Toujours, selon le rapport, en l’espace de dix ans, plusieurs dizaines d’ESSD ont été déployées en Afrique, en plus de celles déjà établies localement par des Chinois. Plus précisément, note-ton, les recherches effectuées par la FRS montrent que plus de 20 ESSD de premier plan en Chine sont désormais actives dans près de trente pays africains.

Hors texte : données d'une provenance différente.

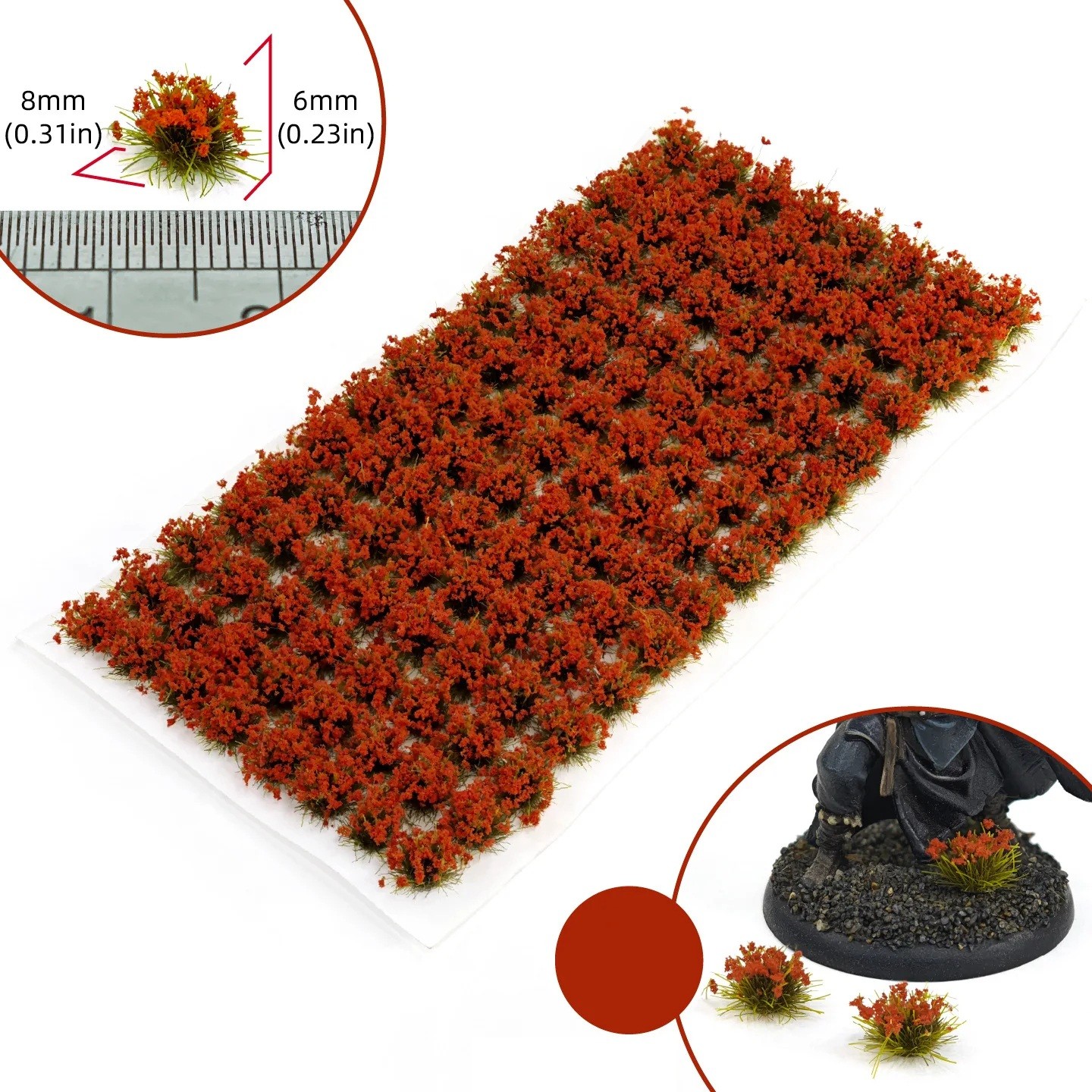 Te miniaturowe kępki trawy dodadzą scenie głębi, struktury i naturalnych detali. Umożliwiają tworzenie gęstszych trawiastych powierzchni oraz pojedynczych akcentów według potrzeb. Dzięki kompaktowym rozmiarom są idealne do precyzyjnej pracy i szczegółowego opracowania podłoża. Świetne rozwiązanie dla każdego, kto chce osiągnąć realistyczny wygląd naturalnego terenu. Praktyczne opakowanie ułatwia przechowywanie i manipulację. Kolor produktu może się nieznacznie różnić w zależności od ustawień monitora i warunków oświetleniowych. Mogą wystąpić drobne odchylenia w wymiarach w wyniku ręcznego pomiaru.

La Fondation pour la recherche stratégique (FRS) soutient en outre que les évolutions du modèle de sécurité privée aux caractéristiques chinoises ne doivent pas, pour autant, masquer des défaillances chroniques. “Si l’industrie chinoise de la sécurité dispose en apparence d’une main-d'œuvre énorme, l’offre de personnel apte à opérer à l’étranger est insuffisante. La majorité des employés ne disposent pas des compétences linguistiques ou techniques requises. Leur formation aux armes à feu est perçue comme inadéquate et ils manquent généralement d’expérience en matière de combat, de négociation ou de gestion de crise. Ils peinent également dans le domaine du renseignement et de l’anticipation, et tendent à trop s’appuyer sur les informations obtenues en sources ouvertes”, relève l’étude de la FRS qui ajoute que les sociétés de sécurité chinoises peinent à rivaliser avec leurs homologues occidentales comme G4S, Control Risks ou International SOS, sur l’offre proposée et sur la qualité des services.
LE MODELE RUSSE EST EN PLEINE RECONFIGURATION
Par ailleurs, le rapport a également mis l’accent sur l’engagement russe en Afrique qui a connu une forte croissance. Selon la Fondation pour la recherche stratégique, Moscou a développé une “stratégie partenariale clientéliste et opportuniste”, venant servir ses objectifs de politique étrangère et ses intérêts de puissance. Offrant des accords de défense et services de sécurité sans contrepartie sur le plan de la gouvernance et des droits humains, souligne-t-il, la Russie a réussi à séduire de nombreux États africains souhaitant diversifier leurs partenariats, voire s’éloigner des États occidentaux. “Si de nombreuses ESSD russes semblent peu visibles en Afrique, c’est aussi parce qu’elles ont été éclipsées par Wagner, qui a réussi à développer une forte influence sur le continent”, a fait savoir la FRS.
Toutefois, elle estime que le modèle russe est en reconfiguration depuis fin 2023 avec le lancement de Africa Corps.“Corps expéditionnaire vise à mener des opérations militaires à grande échelle sur le continent africain pour soutenir les pays cherchant à se débarrasser enfin de la dépendance néocoloniale, à nettoyer la présence occidentale et à acquérir la pleine souveraineté’’, soutient la Fondation pour la recherche stratégique qui cite Igor Ko-rotchenko, ancien colonel et rédacteur en chef de la revue russe Natsionalnaïa oborona (« défense nationale ».
Selon la FRS, la stratégie d’implantation d’Africa Corps indique une continuité dans la politique étrangère russe et le maintien des priorités stratégiques. Avec Africa Corps, dit-elle, Moscou mise sur le même type de pays partenaires et poursuit les mêmes objectifs géostratégiques.“ La stratégie d’implantation d’Africa Corps présente des similitudes avec celle de Wagner et permet de dégager les critères suivants généralement observés dans les années ou mois précédant l’implantation d’une ESSD russe : Rapprochement diplomatique avec un pays en proie à une instabilité intérieure et dirigé par un régime militaire/autoritaire cherchant à assurer sa survie ; Conclusion d’accords miniers et d’accords de coopération de défense ; Campagne d’influence politique et de désinformation pro-russe ; Arrivée d’avions russes sur le territoire avec matériel et/ou personnel”, lit-on dans le document établi par la FRS et dont “L’AS” détient une copie.